Work task. Print the data below verbatim, minus images.

Collected data.
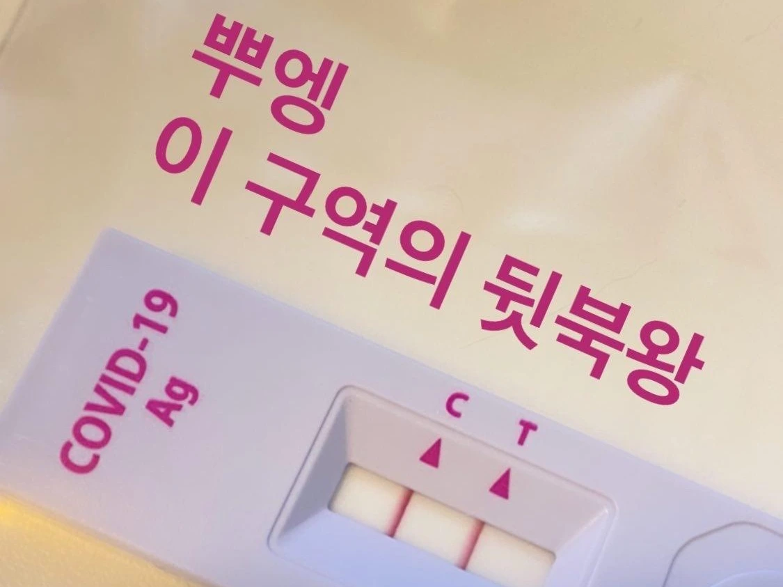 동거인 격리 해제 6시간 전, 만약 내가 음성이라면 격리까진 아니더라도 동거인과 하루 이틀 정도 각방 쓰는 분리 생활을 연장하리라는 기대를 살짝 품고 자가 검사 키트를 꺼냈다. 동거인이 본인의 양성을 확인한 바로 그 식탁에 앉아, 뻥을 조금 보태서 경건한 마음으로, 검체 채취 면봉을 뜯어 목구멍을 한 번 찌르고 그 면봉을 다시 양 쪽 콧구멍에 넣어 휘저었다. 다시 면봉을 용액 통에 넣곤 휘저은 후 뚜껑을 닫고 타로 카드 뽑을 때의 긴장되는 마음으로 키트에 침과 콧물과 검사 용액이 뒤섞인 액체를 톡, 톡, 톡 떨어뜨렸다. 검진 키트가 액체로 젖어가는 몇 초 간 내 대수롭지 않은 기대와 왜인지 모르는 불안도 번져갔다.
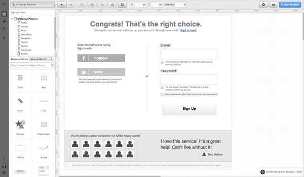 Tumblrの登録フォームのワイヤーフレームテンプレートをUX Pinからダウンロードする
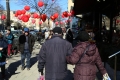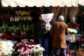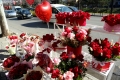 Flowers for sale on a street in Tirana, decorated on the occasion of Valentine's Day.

Response box.
 동거인 격리 해제 6시간 전, 만약 내가 음성이라면 격리까진 아니더라도 동거인과 하루 이틀 정도 각방 쓰는 분리 생활을 연장하리라는 기대를 살짝 품고 자가 검사 키트를 꺼냈다. 동거인이 본인의 양성을 확인한 바로 그 식탁에 앉아, 뻥을 조금 보태서 경건한 마음으로, 검체 채취 면봉을 뜯어 목구멍을 한 번 찌르고 그 면봉을 다시 양 쪽 콧구멍에 넣어 휘저었다. 다시 면봉을 용액 통에 넣곤 휘저은 후 뚜껑을 닫고 타로 카드 뽑을 때의 긴장되는 마음으로 키트에 침과 콧물과 검사 용액이 뒤섞인 액체를 톡, 톡, 톡 떨어뜨렸다. 검진 키트가 액체로 젖어가는 몇 초 간 내 대수롭지 않은 기대와 왜인지 모르는 불안도 번져갔다.
 Tumblrの登録フォームのワイヤーフレームテンプレートをUX Pinからダウンロードする
 Flowers for sale on a street in Tirana, decorated on the occasion of Valentine's Day.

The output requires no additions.